Task: For this exercise, copy exactly the lines below from the one with "1. Apple Carplay: wired" through the one with "Backpack. Polyester 300D" and leave out the pictures.

Task inputs:
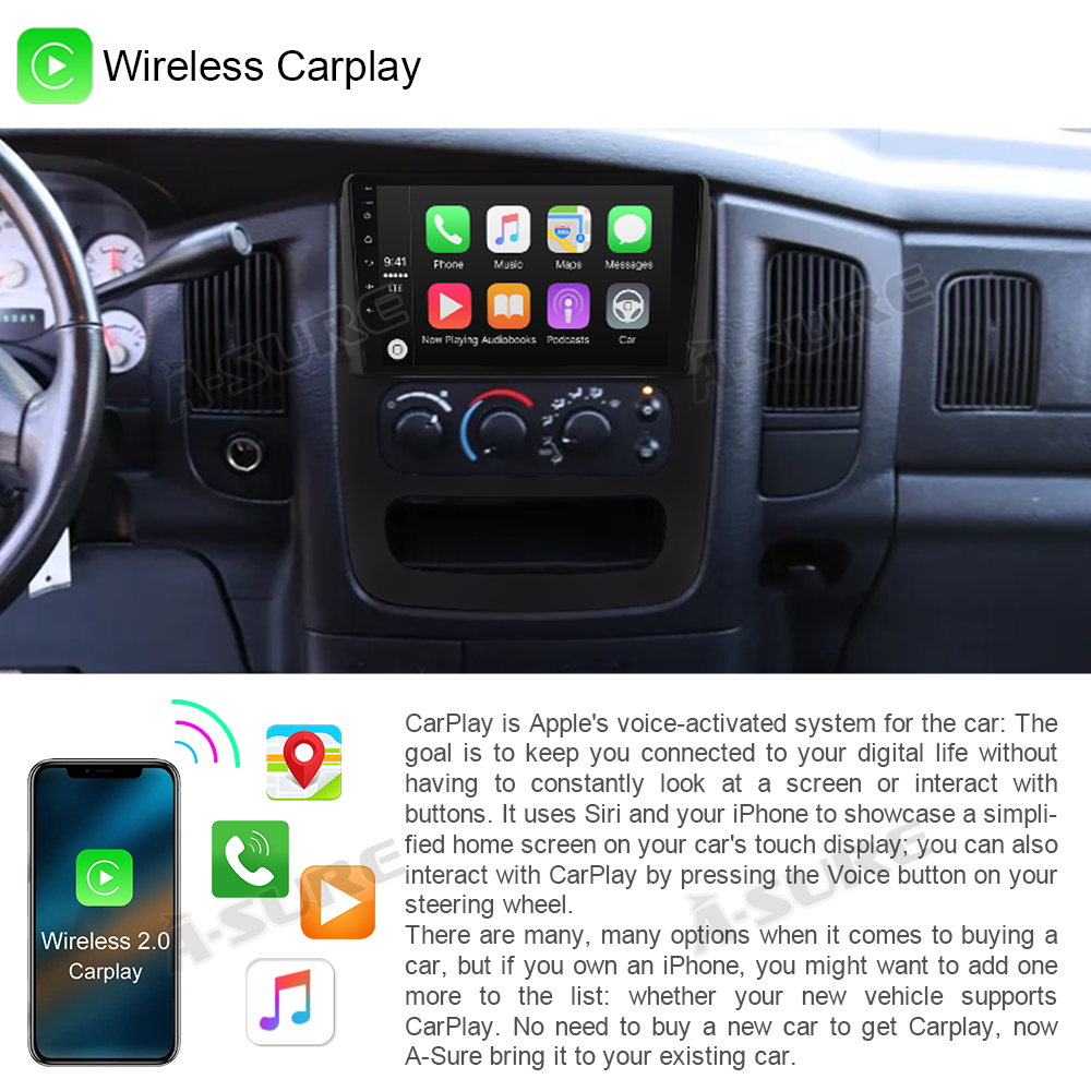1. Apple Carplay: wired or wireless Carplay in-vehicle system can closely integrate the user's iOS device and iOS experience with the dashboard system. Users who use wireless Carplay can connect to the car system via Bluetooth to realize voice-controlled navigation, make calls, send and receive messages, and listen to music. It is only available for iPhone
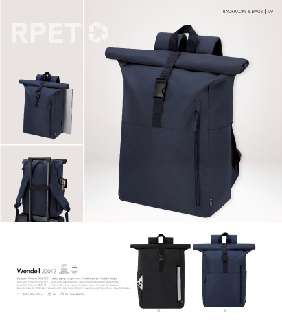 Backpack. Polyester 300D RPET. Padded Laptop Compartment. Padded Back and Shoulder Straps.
==
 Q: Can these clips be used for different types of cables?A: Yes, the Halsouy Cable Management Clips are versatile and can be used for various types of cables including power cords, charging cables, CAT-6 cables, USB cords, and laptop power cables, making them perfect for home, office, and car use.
==
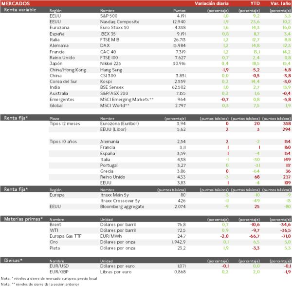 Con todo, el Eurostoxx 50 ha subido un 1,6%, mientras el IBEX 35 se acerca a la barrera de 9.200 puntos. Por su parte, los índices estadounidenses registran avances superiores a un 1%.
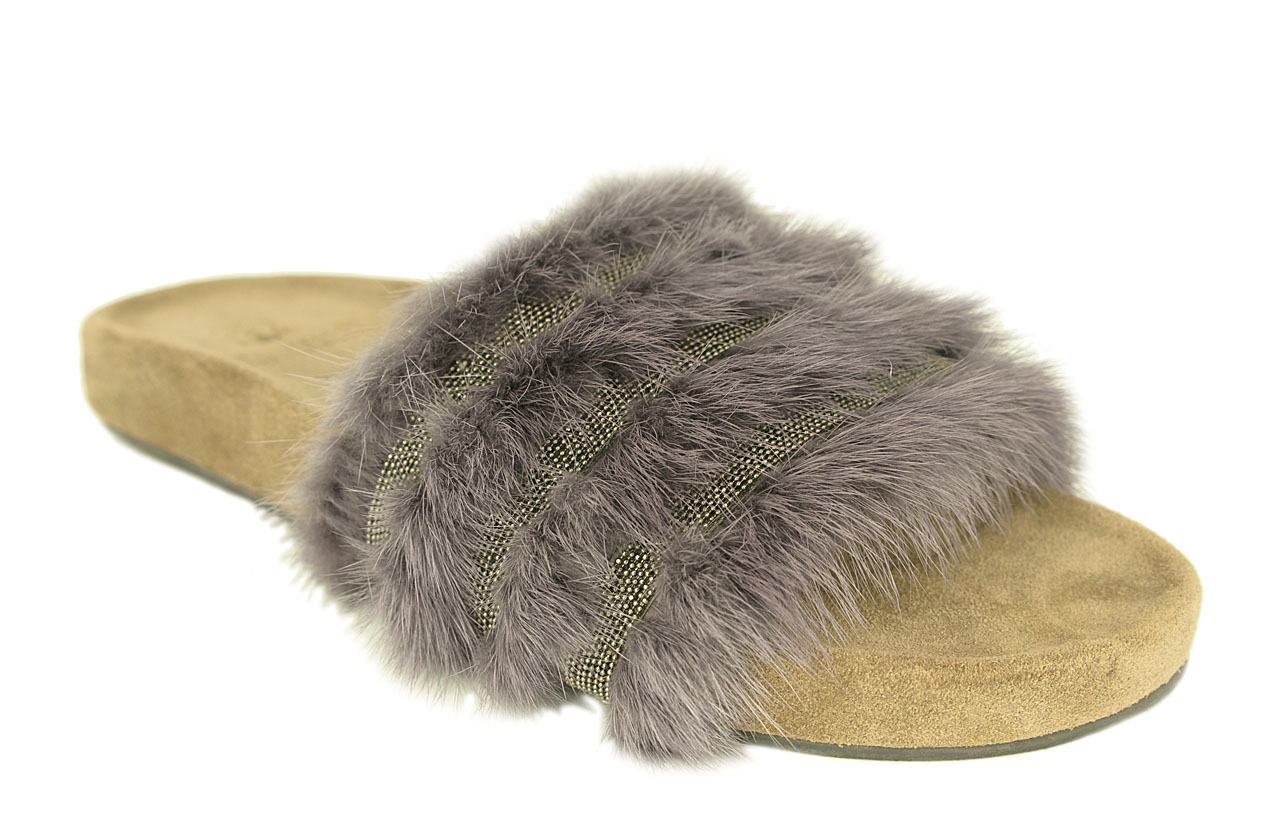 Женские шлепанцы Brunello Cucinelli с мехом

Solution to the problem:
1. Apple Carplay: wired or wireless Carplay in-vehicle system can closely integrate the user's iOS device and iOS experience with the dashboard system. Users who use wireless Carplay can connect to the car system via Bluetooth to realize voice-controlled navigation, make calls, send and receive messages, and listen to music. It is only available for iPhone
 Backpack. Polyester 300D RPET. Padded Laptop Compartment. Padded Back and Shoulder Straps.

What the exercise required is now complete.